El viernes fue, simplemente, un acontecimiento curioso. Mi madre, mi abuela y yo la mirábamos con interés, puesto que hacía años que no veíamos una tan cerca. Cuando me fui a trabajar el sábado, al llegar por la noche allí seguía; estática, inmóvil. De viernes a sábado hizo unos pocos metros, durmiendo en la moldura sobre el sofá. Pero el fin de semana amplió el recorrido, e hizo un circuito por todo el comedor, de parte a parte. Un circuito lento, si se me permite decirlo. Son corredoras de fondo, y se mueven muy despacio. Mi madre iba a trasladarla al exterior, pero en el último momento cambió de opinión y la dejó donde estaba. De hecho, la tuvo de compañera mientras veía la televisión. ¿Tal vez le gusta Netflix?
El domingo pensamos que había desaparecido; mi abuela estuvo examinando sus movimientos durante todo el día, cual Sherlock Holmes, y concluimos que había escapado por el balcón hacia las plantas; en Valencia todavía hace algo de calor, y tenemos algunas ventanas abiertas. Al llegar a casa del trabajo, nuevamente de noche, rebusqué por todos los ángulos del comedor sin éxito.
Ayer no hizo acto de presencia. C’est fini!, pensé. Había terminado nuestra pequeña anécdota semanal. Pero hoy sobre las seis de la tarde la hemos vuelto a ver; en esta ocasión, sobre los azulejos de las paredes de la cocina. Parece que ha cogido confianza, y ha ampliado el itinerario: ha cambiado de estancia.
Cuando mi madre ha vuelto de trabajar, durante la cena, hemos hablado las tres sobre nuestra inquilina sorpresa (también en el chat familiar, dado que es nuestra pequeña celebridad). Divertidas por el devenir de los acontecimientos, y al ver que se trata de una visita algo permanente, hemos pensado en ponerle nombre.

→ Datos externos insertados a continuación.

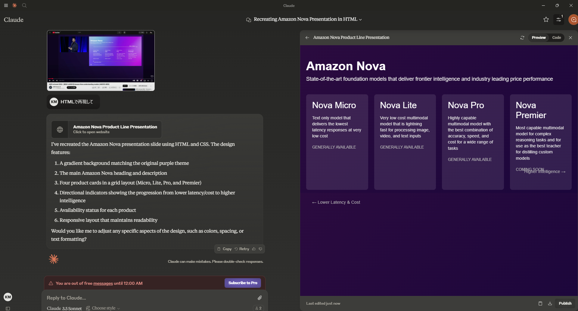 (注:右側が画像をもとに生成したHTMLを、プレビューした状態です。Claude.aiのArtifactsという機能です)

De eso trataba nuestra conversación.
Entre champiñones y huevos revueltos, mi abuela se mantenía neutral, mientras yo torpedeaba sugerencias. ¿Lewis? (Por el autor). ¿Montesquieu? (Muy presuntuoso, pero mi intención era homenajear la división de poderes). Mientras parloteaba, mi madre se mantenía pensativa.
-¿Qué tal Sally?- me dice.
-Sally. ¿De Salamandra?
-¿Por qué no?- responde. No soy muy imaginativa, pero es gracioso.
Y tenía razón.
A priori, esta historia puede parecer banal: Un reptil en casa. Pero a raíz del confinamiento, Valencia ha recuperado una pequeña parte de sus especies autóctonas; murciélagos (también conocidos como ratas penadas), que sobrevuelan las solitarias calles de mi barrio durante la noche, y ahora la salamanquesa.

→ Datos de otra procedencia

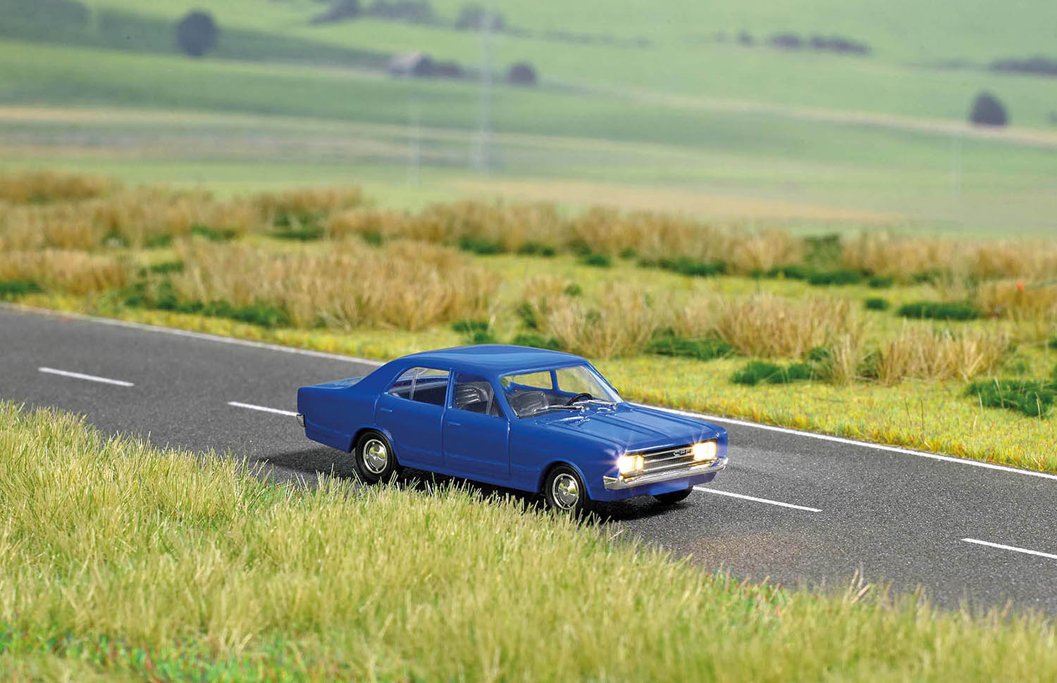 Fahrzeug mit leuchtenden Scheinwerfern und Rückleuchten. Anschlussfertig für 14-16 V.

Es un año muy difícil para todos; de retos, problemas y pérdidas. ¿Por qué no dedicarle unos párrafos a un animalito que, por diminuto que sea, ha vuelto a nuestras vidas? Como se dice en nuestra tierra, tal vez sea un buen augurio, un signo de buena suerte. Un nuevo comienzo. Así que le hemos puesto nombre. La llamamos Sally.